**Problem to solve:** Every line below between the line holding "A Samyang 20mm" and the line holding "Die Grundidee des", inclusive, should be repeated exactly, and all other lines omitted.

**Data records:**
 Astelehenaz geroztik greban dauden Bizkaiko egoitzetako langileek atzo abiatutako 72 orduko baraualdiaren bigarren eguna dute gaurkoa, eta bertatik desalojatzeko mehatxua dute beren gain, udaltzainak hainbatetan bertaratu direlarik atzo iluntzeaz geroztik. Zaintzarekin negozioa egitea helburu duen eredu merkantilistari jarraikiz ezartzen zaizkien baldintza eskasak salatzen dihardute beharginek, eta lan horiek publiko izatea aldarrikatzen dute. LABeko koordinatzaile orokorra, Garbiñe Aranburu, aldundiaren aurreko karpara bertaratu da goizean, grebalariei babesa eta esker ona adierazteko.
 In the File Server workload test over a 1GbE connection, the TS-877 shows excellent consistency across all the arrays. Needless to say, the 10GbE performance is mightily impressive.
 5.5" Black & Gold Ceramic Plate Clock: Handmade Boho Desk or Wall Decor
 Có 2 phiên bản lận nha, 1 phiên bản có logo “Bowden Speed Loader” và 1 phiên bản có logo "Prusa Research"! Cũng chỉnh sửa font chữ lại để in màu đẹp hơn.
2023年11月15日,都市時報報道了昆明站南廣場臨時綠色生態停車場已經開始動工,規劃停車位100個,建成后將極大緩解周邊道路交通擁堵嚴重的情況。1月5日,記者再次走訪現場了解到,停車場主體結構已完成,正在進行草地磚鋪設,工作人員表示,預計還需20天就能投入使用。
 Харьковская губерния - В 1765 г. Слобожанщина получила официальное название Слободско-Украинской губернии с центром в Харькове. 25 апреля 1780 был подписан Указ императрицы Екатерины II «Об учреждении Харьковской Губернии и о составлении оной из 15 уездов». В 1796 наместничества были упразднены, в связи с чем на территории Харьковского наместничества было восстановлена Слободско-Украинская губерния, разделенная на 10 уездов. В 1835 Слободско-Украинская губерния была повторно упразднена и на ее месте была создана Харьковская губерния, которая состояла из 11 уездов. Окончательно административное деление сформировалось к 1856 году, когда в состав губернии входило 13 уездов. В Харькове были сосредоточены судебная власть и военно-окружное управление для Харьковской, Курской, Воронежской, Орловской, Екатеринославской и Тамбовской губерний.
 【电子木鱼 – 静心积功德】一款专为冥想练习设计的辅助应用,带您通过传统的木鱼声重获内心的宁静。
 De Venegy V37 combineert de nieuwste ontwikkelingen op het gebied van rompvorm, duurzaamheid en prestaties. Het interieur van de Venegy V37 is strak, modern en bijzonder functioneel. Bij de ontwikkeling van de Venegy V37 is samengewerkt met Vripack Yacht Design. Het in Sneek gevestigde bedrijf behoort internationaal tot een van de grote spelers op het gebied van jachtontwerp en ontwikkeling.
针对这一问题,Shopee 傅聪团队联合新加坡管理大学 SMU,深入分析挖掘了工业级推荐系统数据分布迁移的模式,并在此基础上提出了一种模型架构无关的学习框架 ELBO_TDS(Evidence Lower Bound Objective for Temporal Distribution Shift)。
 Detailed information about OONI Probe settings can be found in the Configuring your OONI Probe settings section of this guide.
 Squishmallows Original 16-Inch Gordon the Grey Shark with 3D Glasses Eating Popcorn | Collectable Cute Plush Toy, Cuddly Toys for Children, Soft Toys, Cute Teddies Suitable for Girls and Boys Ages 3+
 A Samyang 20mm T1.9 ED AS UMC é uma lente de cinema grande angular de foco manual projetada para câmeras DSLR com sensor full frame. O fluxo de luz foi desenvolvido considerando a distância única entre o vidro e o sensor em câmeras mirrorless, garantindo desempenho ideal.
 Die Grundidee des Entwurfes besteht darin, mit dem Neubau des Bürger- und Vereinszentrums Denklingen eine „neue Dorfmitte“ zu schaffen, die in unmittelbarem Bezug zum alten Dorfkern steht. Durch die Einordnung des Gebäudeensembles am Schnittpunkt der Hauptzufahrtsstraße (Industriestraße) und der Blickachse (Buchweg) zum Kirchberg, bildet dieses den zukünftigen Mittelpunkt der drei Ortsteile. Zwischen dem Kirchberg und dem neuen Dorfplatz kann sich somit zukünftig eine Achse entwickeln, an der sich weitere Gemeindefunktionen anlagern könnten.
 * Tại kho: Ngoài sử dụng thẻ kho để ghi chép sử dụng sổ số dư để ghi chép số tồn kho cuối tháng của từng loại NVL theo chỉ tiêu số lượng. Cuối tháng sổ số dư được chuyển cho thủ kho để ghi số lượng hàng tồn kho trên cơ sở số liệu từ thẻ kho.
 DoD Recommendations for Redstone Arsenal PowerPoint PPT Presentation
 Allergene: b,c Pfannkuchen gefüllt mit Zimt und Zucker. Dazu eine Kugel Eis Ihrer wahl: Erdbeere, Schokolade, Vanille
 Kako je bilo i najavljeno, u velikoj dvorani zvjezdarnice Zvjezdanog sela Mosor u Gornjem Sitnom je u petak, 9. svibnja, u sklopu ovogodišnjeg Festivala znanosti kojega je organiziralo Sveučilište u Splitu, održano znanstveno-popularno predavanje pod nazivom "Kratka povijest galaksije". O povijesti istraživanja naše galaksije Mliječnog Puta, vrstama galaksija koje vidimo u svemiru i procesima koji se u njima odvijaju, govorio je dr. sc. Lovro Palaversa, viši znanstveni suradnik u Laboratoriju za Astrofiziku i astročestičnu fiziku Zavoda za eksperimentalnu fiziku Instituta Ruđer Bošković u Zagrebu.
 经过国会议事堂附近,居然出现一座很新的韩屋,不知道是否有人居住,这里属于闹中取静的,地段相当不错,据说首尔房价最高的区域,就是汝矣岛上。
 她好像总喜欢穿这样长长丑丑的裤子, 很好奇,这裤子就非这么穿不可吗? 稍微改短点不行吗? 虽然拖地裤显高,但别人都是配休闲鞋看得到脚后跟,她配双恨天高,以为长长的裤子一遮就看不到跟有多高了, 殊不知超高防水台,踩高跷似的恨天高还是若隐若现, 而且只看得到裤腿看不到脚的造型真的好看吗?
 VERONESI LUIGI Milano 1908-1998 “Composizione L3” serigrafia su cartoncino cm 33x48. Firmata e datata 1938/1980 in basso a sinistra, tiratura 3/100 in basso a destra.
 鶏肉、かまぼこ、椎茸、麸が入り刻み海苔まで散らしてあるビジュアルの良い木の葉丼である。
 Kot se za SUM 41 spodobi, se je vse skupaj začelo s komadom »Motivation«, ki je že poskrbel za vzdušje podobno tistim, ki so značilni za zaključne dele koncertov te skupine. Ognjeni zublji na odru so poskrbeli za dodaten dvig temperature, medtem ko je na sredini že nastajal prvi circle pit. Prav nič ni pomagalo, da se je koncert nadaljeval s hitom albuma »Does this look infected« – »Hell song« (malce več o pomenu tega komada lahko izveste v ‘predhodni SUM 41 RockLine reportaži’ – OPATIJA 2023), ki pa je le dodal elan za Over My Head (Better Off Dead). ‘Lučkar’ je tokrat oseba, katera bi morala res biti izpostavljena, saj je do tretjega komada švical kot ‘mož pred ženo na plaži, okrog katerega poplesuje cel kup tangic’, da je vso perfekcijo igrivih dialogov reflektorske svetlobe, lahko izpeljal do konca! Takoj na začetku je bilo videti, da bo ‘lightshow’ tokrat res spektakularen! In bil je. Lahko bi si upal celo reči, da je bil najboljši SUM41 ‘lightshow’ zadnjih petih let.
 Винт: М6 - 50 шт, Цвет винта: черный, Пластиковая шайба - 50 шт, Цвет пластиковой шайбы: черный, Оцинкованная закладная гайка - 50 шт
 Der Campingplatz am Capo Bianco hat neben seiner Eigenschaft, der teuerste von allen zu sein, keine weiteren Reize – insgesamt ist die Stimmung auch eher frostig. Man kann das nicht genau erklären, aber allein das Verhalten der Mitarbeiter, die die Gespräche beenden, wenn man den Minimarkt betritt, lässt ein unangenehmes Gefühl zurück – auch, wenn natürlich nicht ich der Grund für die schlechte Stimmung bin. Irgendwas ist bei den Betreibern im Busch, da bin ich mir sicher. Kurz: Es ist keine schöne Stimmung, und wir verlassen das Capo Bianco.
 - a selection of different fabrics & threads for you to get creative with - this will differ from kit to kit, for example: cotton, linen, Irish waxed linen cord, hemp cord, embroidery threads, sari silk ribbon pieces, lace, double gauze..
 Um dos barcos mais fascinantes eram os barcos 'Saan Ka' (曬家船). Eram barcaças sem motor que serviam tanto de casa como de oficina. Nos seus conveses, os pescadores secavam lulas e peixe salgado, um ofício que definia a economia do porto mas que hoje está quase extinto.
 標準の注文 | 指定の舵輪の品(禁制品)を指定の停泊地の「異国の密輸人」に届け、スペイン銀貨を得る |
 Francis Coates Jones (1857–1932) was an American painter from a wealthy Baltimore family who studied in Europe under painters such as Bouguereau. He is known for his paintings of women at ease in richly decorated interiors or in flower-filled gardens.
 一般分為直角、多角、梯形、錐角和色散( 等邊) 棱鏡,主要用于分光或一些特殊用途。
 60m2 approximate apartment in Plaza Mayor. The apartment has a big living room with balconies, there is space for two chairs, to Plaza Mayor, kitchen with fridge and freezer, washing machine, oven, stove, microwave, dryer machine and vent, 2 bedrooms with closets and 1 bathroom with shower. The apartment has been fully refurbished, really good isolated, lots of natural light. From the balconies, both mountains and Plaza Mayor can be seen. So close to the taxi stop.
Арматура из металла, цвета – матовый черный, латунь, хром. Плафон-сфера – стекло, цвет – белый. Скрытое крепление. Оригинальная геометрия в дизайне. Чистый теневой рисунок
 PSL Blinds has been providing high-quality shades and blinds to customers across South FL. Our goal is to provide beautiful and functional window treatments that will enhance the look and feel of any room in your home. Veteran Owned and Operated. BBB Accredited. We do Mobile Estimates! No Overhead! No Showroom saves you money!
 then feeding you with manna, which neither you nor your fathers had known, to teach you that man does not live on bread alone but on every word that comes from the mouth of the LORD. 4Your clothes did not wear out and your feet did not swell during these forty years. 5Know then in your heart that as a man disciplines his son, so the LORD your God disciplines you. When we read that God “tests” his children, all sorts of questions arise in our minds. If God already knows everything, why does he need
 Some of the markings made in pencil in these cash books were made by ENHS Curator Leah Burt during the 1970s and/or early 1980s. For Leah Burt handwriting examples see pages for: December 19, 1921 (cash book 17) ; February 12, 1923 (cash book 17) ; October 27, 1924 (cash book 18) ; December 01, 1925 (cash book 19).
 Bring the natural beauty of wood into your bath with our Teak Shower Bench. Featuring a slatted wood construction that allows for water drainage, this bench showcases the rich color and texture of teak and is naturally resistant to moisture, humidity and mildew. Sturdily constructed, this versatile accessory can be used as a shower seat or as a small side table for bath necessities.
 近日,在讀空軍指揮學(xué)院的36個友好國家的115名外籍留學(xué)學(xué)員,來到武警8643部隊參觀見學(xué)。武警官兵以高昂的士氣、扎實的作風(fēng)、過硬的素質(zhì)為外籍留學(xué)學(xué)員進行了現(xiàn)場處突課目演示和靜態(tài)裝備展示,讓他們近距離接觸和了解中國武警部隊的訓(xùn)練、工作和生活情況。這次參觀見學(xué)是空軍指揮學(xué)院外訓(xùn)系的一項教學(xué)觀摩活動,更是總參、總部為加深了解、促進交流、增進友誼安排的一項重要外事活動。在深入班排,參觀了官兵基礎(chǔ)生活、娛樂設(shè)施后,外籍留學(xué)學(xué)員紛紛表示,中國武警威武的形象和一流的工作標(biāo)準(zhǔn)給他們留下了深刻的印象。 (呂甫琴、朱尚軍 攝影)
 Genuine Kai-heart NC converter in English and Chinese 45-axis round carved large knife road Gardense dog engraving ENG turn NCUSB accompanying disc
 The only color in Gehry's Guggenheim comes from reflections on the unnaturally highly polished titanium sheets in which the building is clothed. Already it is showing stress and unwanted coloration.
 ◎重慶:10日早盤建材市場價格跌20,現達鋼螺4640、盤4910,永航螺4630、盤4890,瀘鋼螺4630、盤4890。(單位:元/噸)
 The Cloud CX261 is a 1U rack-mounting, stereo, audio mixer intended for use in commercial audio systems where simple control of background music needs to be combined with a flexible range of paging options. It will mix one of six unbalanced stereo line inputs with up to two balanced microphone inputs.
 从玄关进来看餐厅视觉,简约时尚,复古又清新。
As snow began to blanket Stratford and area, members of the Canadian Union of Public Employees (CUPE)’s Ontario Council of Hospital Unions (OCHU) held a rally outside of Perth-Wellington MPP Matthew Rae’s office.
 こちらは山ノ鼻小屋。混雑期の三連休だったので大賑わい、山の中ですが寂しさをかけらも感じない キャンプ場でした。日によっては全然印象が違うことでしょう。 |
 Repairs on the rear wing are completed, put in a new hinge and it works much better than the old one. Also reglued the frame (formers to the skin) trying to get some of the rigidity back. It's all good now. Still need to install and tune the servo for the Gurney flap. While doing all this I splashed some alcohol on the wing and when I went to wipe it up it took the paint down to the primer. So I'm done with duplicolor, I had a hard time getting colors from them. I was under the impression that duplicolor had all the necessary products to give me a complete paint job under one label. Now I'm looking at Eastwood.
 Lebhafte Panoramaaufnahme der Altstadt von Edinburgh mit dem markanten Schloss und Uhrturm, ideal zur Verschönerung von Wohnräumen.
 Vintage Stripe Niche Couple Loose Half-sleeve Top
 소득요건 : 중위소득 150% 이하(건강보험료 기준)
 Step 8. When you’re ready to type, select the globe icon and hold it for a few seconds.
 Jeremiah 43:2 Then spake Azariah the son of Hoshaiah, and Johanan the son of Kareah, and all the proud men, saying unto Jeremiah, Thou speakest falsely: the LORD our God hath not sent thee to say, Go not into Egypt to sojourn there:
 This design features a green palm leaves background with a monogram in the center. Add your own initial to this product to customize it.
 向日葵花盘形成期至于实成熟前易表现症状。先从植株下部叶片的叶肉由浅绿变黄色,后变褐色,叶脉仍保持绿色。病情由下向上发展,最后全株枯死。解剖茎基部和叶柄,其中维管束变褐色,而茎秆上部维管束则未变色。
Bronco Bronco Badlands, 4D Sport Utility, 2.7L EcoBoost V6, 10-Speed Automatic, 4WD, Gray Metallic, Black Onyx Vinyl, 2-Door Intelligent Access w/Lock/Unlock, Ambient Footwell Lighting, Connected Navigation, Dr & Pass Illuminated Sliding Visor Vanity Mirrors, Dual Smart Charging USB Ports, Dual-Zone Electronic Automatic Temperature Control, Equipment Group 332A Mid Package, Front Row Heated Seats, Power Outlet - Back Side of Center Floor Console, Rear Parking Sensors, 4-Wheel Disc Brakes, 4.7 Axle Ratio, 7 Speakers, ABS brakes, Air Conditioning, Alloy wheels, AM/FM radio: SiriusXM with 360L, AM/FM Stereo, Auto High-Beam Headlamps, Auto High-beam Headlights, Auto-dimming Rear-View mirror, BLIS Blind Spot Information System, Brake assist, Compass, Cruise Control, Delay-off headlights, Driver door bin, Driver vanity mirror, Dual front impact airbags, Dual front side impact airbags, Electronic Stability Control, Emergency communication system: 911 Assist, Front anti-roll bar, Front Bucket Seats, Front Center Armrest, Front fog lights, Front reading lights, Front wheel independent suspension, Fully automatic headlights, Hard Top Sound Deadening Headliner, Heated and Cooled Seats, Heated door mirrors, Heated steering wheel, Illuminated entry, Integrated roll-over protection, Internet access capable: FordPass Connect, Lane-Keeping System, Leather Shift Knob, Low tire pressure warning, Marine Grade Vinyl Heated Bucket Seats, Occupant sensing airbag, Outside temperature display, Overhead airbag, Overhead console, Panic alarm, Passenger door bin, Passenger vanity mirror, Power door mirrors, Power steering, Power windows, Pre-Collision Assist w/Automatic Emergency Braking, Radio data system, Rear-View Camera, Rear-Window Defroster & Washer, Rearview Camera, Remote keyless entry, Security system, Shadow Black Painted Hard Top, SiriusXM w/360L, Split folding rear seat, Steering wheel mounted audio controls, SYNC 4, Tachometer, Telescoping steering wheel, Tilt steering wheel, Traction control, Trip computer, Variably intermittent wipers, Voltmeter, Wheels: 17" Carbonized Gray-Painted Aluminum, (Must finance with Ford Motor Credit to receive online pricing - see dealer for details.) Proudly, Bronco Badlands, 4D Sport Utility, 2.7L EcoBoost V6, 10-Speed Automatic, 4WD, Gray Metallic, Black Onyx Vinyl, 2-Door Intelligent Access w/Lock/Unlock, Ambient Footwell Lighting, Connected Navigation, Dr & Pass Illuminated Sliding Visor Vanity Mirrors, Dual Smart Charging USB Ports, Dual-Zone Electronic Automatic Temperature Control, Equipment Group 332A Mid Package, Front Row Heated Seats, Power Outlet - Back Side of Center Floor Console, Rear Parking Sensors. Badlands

**Answer:**
 A Samyang 20mm T1.9 ED AS UMC é uma lente de cinema grande angular de foco manual projetada para câmeras DSLR com sensor full frame. O fluxo de luz foi desenvolvido considerando a distância única entre o vidro e o sensor em câmeras mirrorless, garantindo desempenho ideal.
 Die Grundidee des Entwurfes besteht darin, mit dem Neubau des Bürger- und Vereinszentrums Denklingen eine „neue Dorfmitte“ zu schaffen, die in unmittelbarem Bezug zum alten Dorfkern steht. Durch die Einordnung des Gebäudeensembles am Schnittpunkt der Hauptzufahrtsstraße (Industriestraße) und der Blickachse (Buchweg) zum Kirchberg, bildet dieses den zukünftigen Mittelpunkt der drei Ortsteile. Zwischen dem Kirchberg und dem neuen Dorfplatz kann sich somit zukünftig eine Achse entwickeln, an der sich weitere Gemeindefunktionen anlagern könnten.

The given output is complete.